### Task inputs
-- Opening Marker --

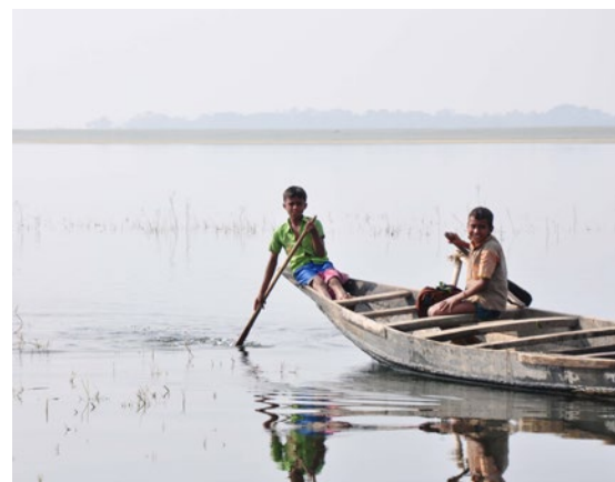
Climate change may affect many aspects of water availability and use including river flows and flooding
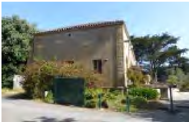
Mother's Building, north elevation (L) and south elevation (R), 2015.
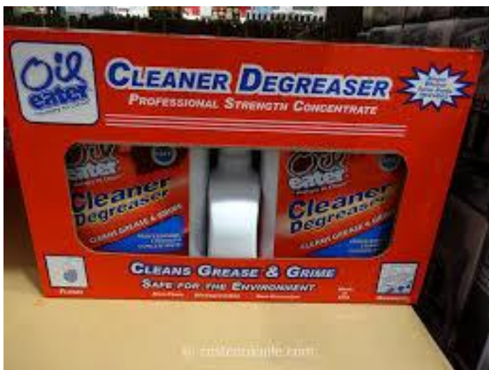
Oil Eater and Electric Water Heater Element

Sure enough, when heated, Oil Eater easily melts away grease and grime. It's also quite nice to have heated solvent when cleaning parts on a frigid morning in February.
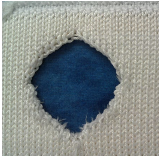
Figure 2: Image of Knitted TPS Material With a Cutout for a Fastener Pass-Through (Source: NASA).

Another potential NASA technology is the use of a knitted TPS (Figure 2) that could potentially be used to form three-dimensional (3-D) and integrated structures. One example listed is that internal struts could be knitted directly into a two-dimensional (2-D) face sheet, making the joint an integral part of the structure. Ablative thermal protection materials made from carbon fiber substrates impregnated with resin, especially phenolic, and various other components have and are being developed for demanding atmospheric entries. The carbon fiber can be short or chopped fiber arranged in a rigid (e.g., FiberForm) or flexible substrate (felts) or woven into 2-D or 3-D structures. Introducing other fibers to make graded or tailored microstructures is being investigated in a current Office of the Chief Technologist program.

-- Closing Marker --
-- Opening Marker --

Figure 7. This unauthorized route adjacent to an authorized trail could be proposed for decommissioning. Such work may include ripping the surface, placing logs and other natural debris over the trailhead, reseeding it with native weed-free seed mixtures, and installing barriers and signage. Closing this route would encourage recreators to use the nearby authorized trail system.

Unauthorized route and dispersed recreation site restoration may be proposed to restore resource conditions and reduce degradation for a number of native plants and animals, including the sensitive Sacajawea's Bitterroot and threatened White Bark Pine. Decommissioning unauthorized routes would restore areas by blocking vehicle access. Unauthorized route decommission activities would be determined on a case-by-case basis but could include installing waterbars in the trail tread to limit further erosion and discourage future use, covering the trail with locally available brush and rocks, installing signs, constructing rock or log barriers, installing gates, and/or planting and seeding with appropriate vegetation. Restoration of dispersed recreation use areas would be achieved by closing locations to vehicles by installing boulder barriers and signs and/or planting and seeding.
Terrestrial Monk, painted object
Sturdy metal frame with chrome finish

-- Closing Marker --

### Try it
Display every line of the listing that contains the string "Eater".

### Output for this exercise
Oil Eater and Electric Water Heater Element
Sure enough, when heated, Oil Eater easily melts away grease and grime. It's also quite nice to have heated solvent when cleaning parts on a frigid morning in February.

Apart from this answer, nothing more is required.